Naoki Ishikawa

Personal information

Climbing career
- Type of climber: High altitude mountaineer
- Major ascents: Mount Everest (2001) Shishapangma (2024)
- Known for: First Japanese man to climb all 14 eight-thousanders and the Seven Summits

= Naoki Ishikawa (photographer) =

Alpinist and mountaineer

Naoki Ishikawa (石川 直樹, Ishikawa Naoki) is a Japanese photographer and mountaineer. He has climbed all 14 eight-thousanders and the seven summits. In 2001, he began to take photographs seriously and thereafter his ventures as a photographer and writer have intimately linked to his travels and climbs, as he often photographs and writes about his own adventures to various remote landscapes. Ishikawa's analog photographs frequently capture nature at its most extreme and the people that inhabit it, gaining a broad recognition for his ethnographic sensibility and curiosity, informed by his study of anthropology and ethnography at Waseda University.

Ishikawa actively participates in the education of photography and anthropology; he has served as a part-time lecturer at the Faculty of Sociology at Rikkyo University and the Photography department of Nihon University and is currently the director of the Photo Archipelago Setouchi school.'

== Early life and education ==
Ishikawa was raised in Hatsudai, Tokyo. His grandfather was the author and literary critic Jun Ishikawa. Throughout his childhood he attended the Catholic Gyosei International School in Chiba. Ishikawa's developed a craving for exploration early in his elementary school years, reading adventure and expedition books on his long commute by train to school. By his teenage years, Ishikawa was traveling to distant prefectures on weekends to hike with friends or camp outdoors by himself. In his second year of high school, Ishikawa made his first solo trip abroad to India and Nepal. Ishikawa’s interest in the outdoors led him to attend rallies raising awareness of environmental issues as a high school student. During one of these rallies, he became connected to the writer and canoeist Tomosuke Noda. Noda advocated that Ishikawa go to university when Ishikawa had expressed interest in becoming a newspaper reporter or journalist and the following year, he enrolled at Waseda University.

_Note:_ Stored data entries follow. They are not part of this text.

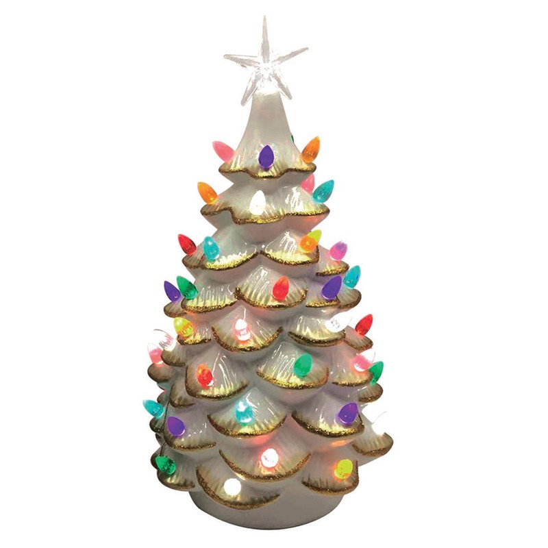 Santa's Workshop 14" Lighted White Ceramic Tree with Gold Tips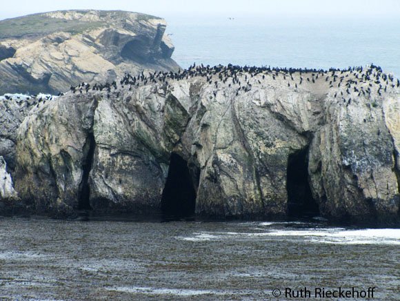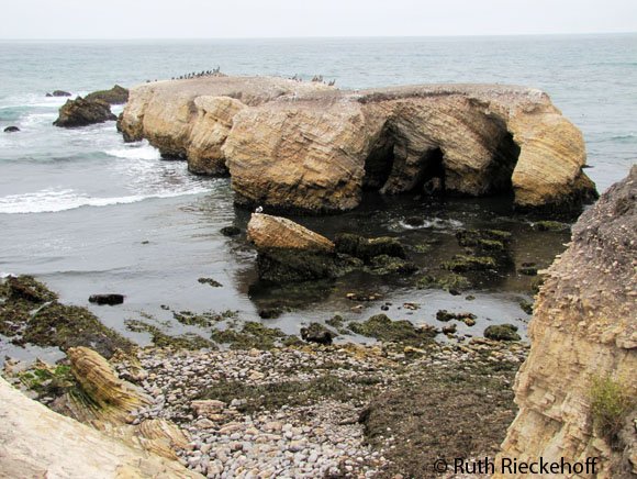 As we continued walking, rock arches, stacks and pillars started to appear close to the shore.  Hundreds of cormorants and oystercatchers were resting over the statuesque piles dotting the coast.  Layers and layers of burnt orange, tan and yellow rock were exposed on the cliffs’ faces.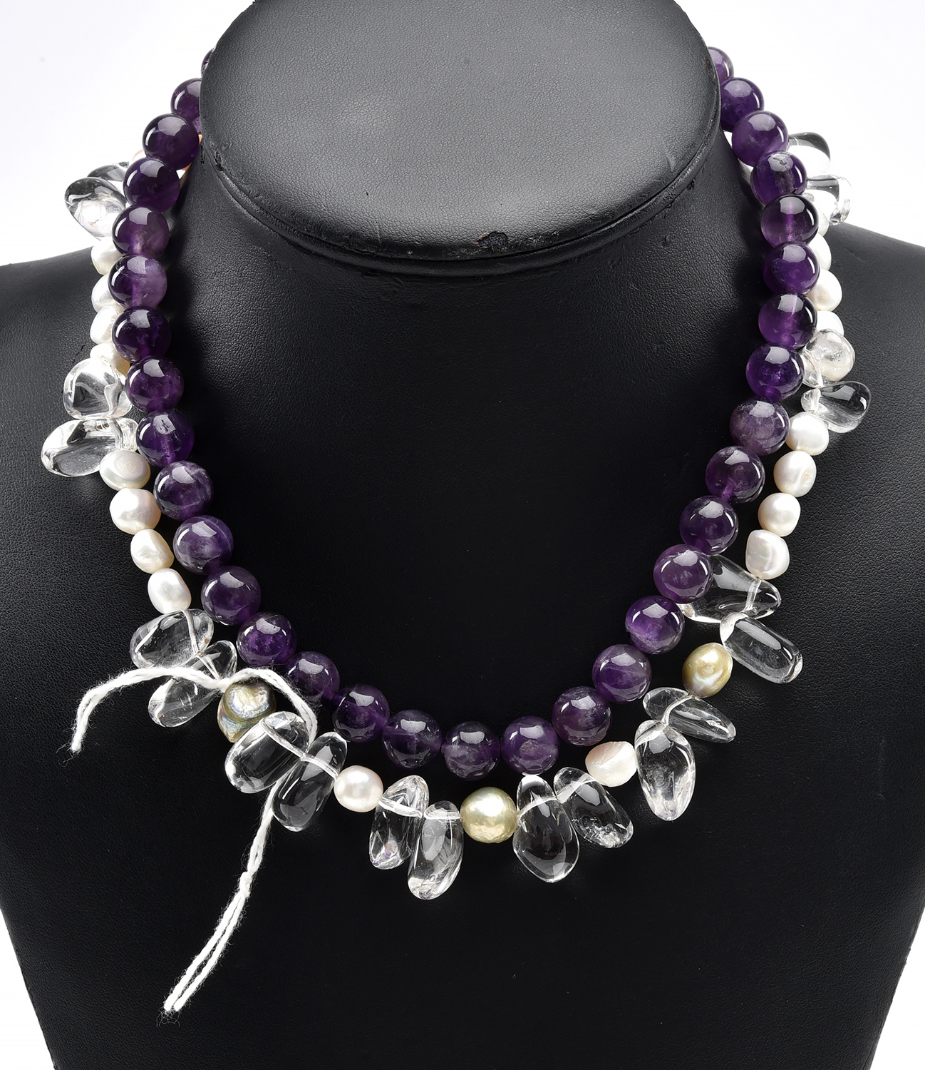 TWO STONE BEAD NECKLACES INCLUDING AMETHYSTH AND QUARTZ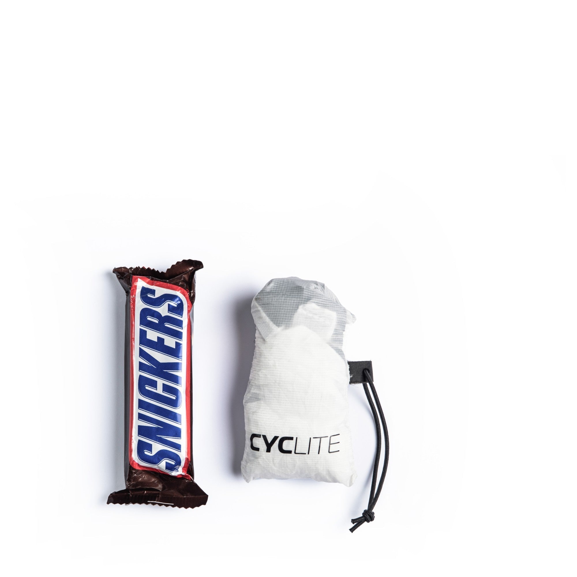 Die Musette besticht durch ihr durchdachtes Design und ihre kompakten Maße. Im zusammengefalteten Zustand ist sie so klein wie ein Snickers-Riegel und passt problemlos in jede Tasche: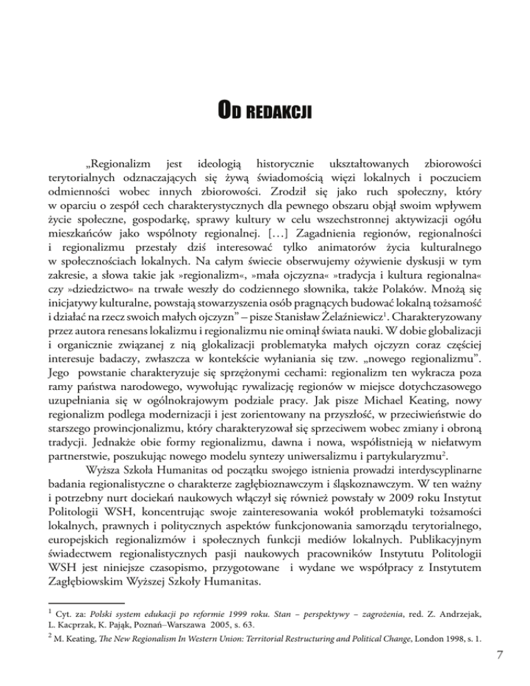 Regionalne i lokalne ustroje polityczne !"#$!%&'() „Regionalizm jest ideologią historycznie ukształtowanych zbiorowości terytorialnych odznaczających się żywą świadomością więzi lokalnych i poczuciem odmienności wobec innych zbiorowości. Zrodził się jako ruch społeczny, który w oparciu o zespół cech charakterystycznych dla pewnego obszaru objął swoim wpływem życie społeczne, gospodarkę, sprawy kultury w celu wszechstronnej aktywizacji ogółu mieszkańców jako wspólnoty regionalnej. […] Zagadnienia regionów, regionalności i regionalizmu przestały dziś interesować tylko animatorów życia kulturalnego w społecznościach lokalnych. Na całym świecie obserwujemy ożywienie dyskusji w tym zakresie, a słowa takie jak »regionalizm«, »mała ojczyzna« »tradycja i kultura regionalna« czy »dziedzictwo« na trwałe weszły do codziennego słownika, także Polaków. Mnożą się inicjatywy kulturalne, powstają stowarzyszenia osób pragnących budować lokalną tożsamość i działać na rzecz swoich małych ojczyzn” – pisze Stanisław Żelaźniewicz1. Charakteryzowany przez autora renesans lokalizmu i regionalizmu nie ominął świata nauki. W dobie globalizacji i organicznie związanej z nią glokalizacji problematyka małych ojczyzn coraz częściej interesuje badaczy, zwłaszcza w kontekście wyłaniania się tzw. „nowego regionalizmu”. Jego powstanie charakteryzuje się sprzężonymi cechami: regionalizm ten wykracza poza ramy państwa narodowego, wywołując rywalizację regionów w miejsce dotychczasowego uzupełniania się w ogólnokrajowym podziale pracy. Jak pisze Michael Keating, nowy regionalizm podlega modernizacji i jest zorientowany na przyszłość, w przeciwieństwie do starszego prowincjonalizmu, który charakteryzował się sprzeciwem wobec zmiany i obroną tradycji. Jednakże obie formy regionalizmu, dawna i nowa, współistnieją w niełatwym partnerstwie, poszukując nowego modelu syntezy uniwersalizmu i partykularyzmu2. Wyższa Szkoła Humanitas od początku swojego istnienia prowadzi interdyscyplinarne badania regionalistyczne o charakterze zagłębioznawczym i śląskoznawczym. W ten ważny i potrzebny nurt dociekań naukowych włączył się również powstały w 2009 roku Instytut Politologii WSH, koncentrując swoje zainteresowania wokół problematyki tożsamości lokalnych, prawnych i politycznych aspektów funkcjonowania samorządu terytorialnego, europejskich regionalizmów i społecznych funkcji mediów lokalnych. Publikacyjnym świadectwem regionalistycznych pasji naukowych pracowników Instytutu Politologii WSH jest niniejsze czasopismo, przygotowane i wydane we współpracy z Instytutem Zagłębiowskim Wyższej Szkoły Humanitas. 1 Cyt. za: Polski system edukacji po reformie 1999 roku. Stan – perspektywy – zagrożenia, red. Z. Andrzejak, L. Kacprzak, K. Pająk, !"#$%&'$()"$*$++,--./+)0+120 2 M. Keating, The New Regionalism In Western Union: Territorial Restructuring and Political Change, London 1998, s. 1. 7 Małgorzata Domagała, Jan Iwanek Do rąk Czytelników oddajemy pierwszy numer rocznika poświęconego szeroko pojętej tematyce lokalnej i regionalnej, analizowanej przede wszystkim z perspektywy politologii, ale również dyscyplin pokrewnych: socjologii, medioznawstwa czy nauk o kulturze. Zawiera on artykuły napisane w większości przez pracowników i współpracowników Instytutu Politologii WSH, choć zdarzają się w nim także teksty, które nie wyszły spod pióra naukowców – szkice autorstwa lokalnych dziennikarzy i miłośników regionu. Periodyk „Regionalne Studia Polityczne Humanitas” podzielony został na trzy części. Pierwszą, zatytułowaną „Studia i materiały”, wypełniają artykuły naukowe, dla których wspólnym mianownikiem jest szeroko rozumiana tematyka lokalna. Część druga – „Szkice zagłębiowskie” – wykracza poza przedmiot zainteresowania nauki o polityce. Składa się z materiałów publicystycznych – artykułów i wywiadów, których celem jest przybliżenie wiedzy o Zagłębiu Dąbrowskim i różnych wymiarach lokalnej tożsamości (aspekt kulturowy, historyczny, społeczny). Naszą intencją było bowiem stworzenie czasopisma, które łączyłoby w sobie walor naukowy z popularyzatorskim, warsztat badacza z warsztatem publicysty i komentatora rozmaitych zjawisk i procesów składających się na życie społeczne zagłębiowskiej „małej ojczyzny”. Trzecia część czasopisma obejmuje recenzje nowości wydawniczych o tematyce regionalistycznej oraz relacje z konferencji naukowych. Jan Iwanek Michał Kaczmarczyk 8

Ishikawa received his bachelor's degree from Waseda University in 2002 with a specialization in anthropology and ethnography. He received his MFA in 2005 and later his Ph.D. in 2008, both at the Tokyo University of the Arts.

== Mountaineering ==
Ishikawa began high altitude climbing in his early twenties and quickly became an established climber internationally – at the age of 23, he became the youngest person to reach all seven summits by 2001 (no longer the record holder). His first ascent was Denali in 1998 and within the next year he reached the summits of both Mount Elbrus and Kilimanjaro on solo trips. In 2000, Ishikawa was selected by Martyn S. Williams to participate in the Pole to Pole project: a 9 month expedition which consisted of 8 young people from 5 different continents that traveled 32,970 km from the North Pole to the South Pole. At the end of the trip, Ishikawa stayed in Antarctica and climbed Vinson Massif in January 2001. Within the same year he climbed Aconcagua in Argentina, then to Puncak Jaya in Oceania, and finally to the North face of Mount Everest to complete the seven summits.

Ishikawa has returned to the Himalayas repeatedly throughout his climbing career; each year between 2011 and 2019, he has either successfully summited a mountain on the Himalayas or attempted to. In May 2011, he summited Mount Everest for the second time through the Southeast ridge. In May 2012, he attempted to climb Lhotse (in Nepal) but had to withdraw midway due to landslides and dangerous climbing conditions. Later that year, Ishikawa summited Manaslu. In May 2013, he reattempted Lhotse and was able to reach the summit. In May 2014, he climbed Makalu in Nepal. In 2015, Ishikawa attempted K2 in Pakistan and the nearby Broad Peak, but had to withdraw from both mountains because of avalanches. In November 2018, he climbed Ama Dablam in Nepal and in July 2019, he climbed Gasherbrum II in Pakistan. Ishikawa's dedication to the Himalayas can be attributed to his view of the mountains as a "school" where the beautiful, yet harsh, conditions enable him to develop a greater sense of consciousness and appreciation. His affinity for the actual process of climbing mountains with such immense heights can also be attributed to the sensation, as described by Ishikawa, of "being reborn."

In 2024, he climbed his final eight-thousander, Shishapangma, reaching the summit on October 4.

== Photography ==
Ishikawa began photography seriously during the Pole to Pole expedition in 2001. He was prompted by a newspaper editor to shoot at least one roll of film per day and keep notes so that they could publish an article or series on Ishikawa’s trip.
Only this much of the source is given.